Youth, Identity, Power PDF Author: Carlos Munoz
Publisher: Verso Books
ISBN: 1844671429
Category : History
Languages : en
Pages : 274

Book Description
Youth, Identity, Power is the classic study of the origins of the 1960s Chicano civil rights movement. Written by a leader of the Chicano student movement who also played a key role in the creation of the wider Chicano Movement, this is the first full-length work to appear on the subject. It fills an important gap in the history of political and social protest in the United States. Carlos Muñoz places the Chicano Movement in the context of the political and intellectual development of people of Mexican descent in the USA, tracing the emergence of student activists and intellectuals in the 1930s and their initial challenge to the dominant white racial and class ideologies.
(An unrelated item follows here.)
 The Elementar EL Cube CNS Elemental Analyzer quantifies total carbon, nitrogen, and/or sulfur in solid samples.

He then documents the rise and fall of the Chicano Movement of the 1960s, situating it within the 1960s civil rights and radical movements and assessing the Chicano Movement’s contribution to the development of the Mexican American population and the Latino population as a whole. In an afterword to this new edition, Muñoz charts the burgeoning growth of US Latino communities, assesses the nativist backlash against them, and argues that Latinos must play a central role in a new movement for multiracial democracy.
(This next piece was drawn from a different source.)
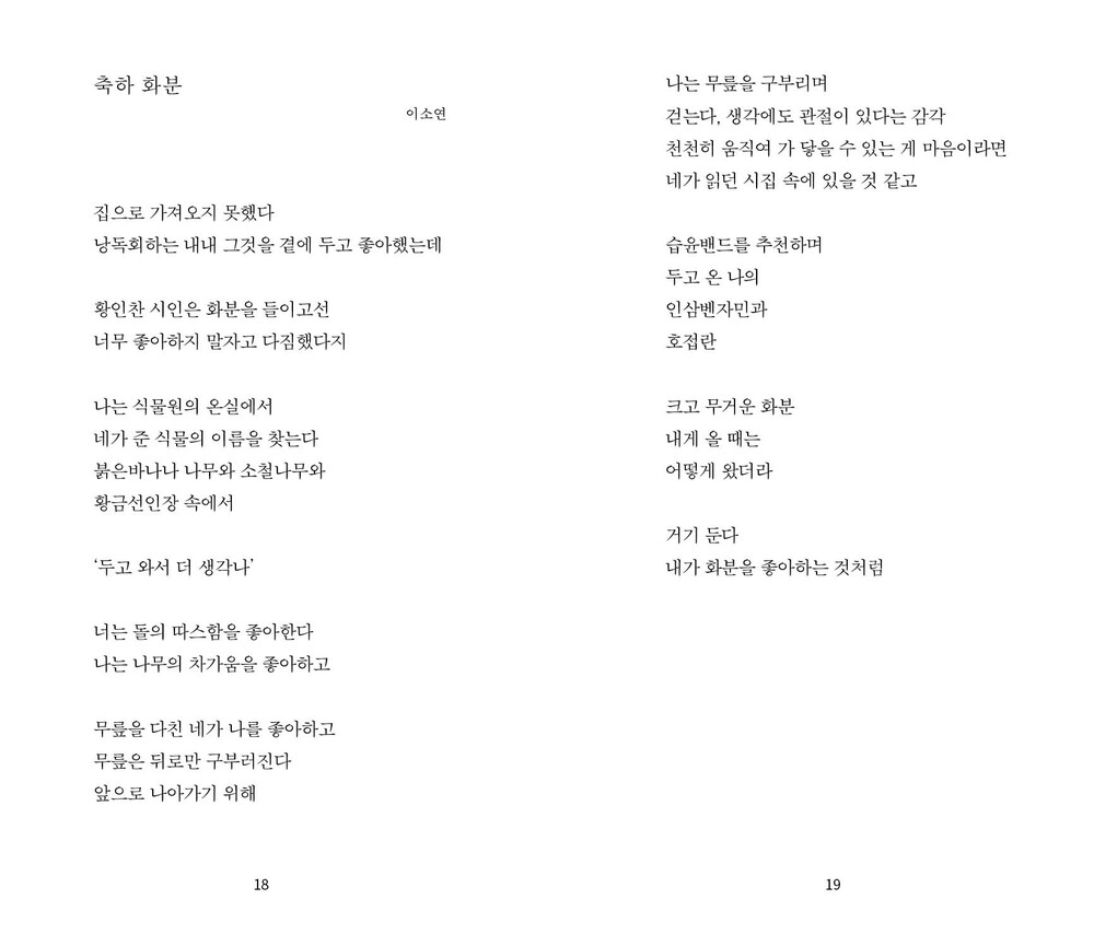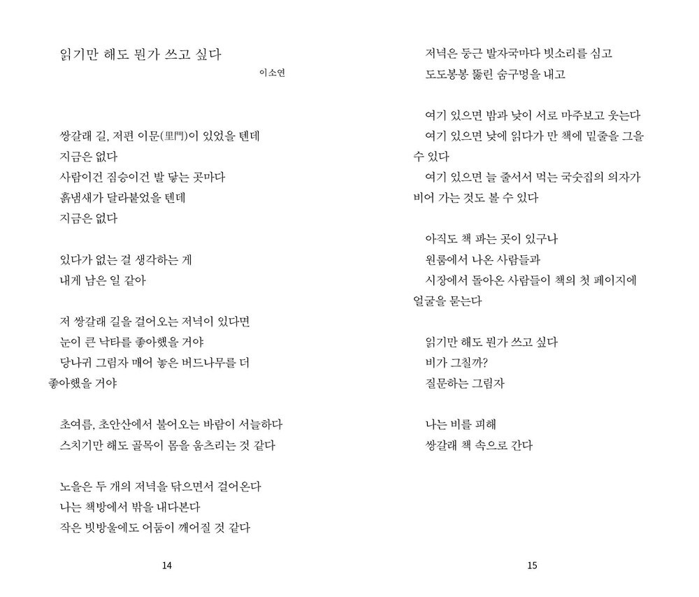 한 시인의 고백이 다른 시인의 내면을 보여주는 것만 같고, 때로는 두 시인의 목소리가 마치 하나인 것처럼 느껴지기도 한다.

Urban Protest in Mexico and Brazil

Urban Protest in Mexico and Brazil PDF Author: Kathleen Bruhn
Publisher: Cambridge University Press
ISBN: 1139470639
Category : Political Science
Languages : en
Pages :

Book Description
Why do social organizations decide to protest instead of working through institutional channels? This book draws hypotheses from three standard models of contentious political action - POS, resource mobilization, and identity - and subjects them to a series of qualitative and quantitative tests. The results have implications for social movement theory, studies of protest, and theories of public policy/agenda setting. The characteristics of movement organizations - type of resources, internal leadership competition, and identity - shape their inherent propensity to protest. Party alliance does not constrain protest, even when the party ally wins power. Instead, protest becomes a key part of organizational maintenance, producing constant incentives to protest that do not reflect changing external conditions. Nevertheless, organizations do respond to changes in the political context, governmental cycles in particular. In the first year of a new government, organizations have strong incentives to protest in order to establish their priority in the policy agenda.

Youth, Identity, Power

Youth, Identity, Power PDF Author: Carlos Muñoz
Publisher: Verso
ISBN: 9780860919131
Category : History
Languages : en
Pages : 236

Book Description
Youth, Identity, Power is a study of the origins and development of Chicano radicalism in America. Written by a leader of the Chicano Student Movement of the 1960s who also played a role in the creation of the wider Chicano Power Movement, this is the first fill-length work to appear on the subject. It fills an important gap in the history of political protest in the United States. The author places the Chicano movement in the wider context of the political development of Mexicans and their descendants in the US, tracing the emergence of Chicano student activists in the 1930s and their initial challenge to the dominant racial and class ideologies of the time. Munoz then documents the rise and fall of the Chicano Power Movement, situating the student protests of the sixties within the changing political scene of the time, and assessing the movement's contribution to the cultural development of the Chicano population as a whole. He concludes with an account of Chicano politics in the 1980s. Youth, Identity, Power was named an Outstanding Book on Human Rights in the United States by the Gustavus Myers Center in 1990.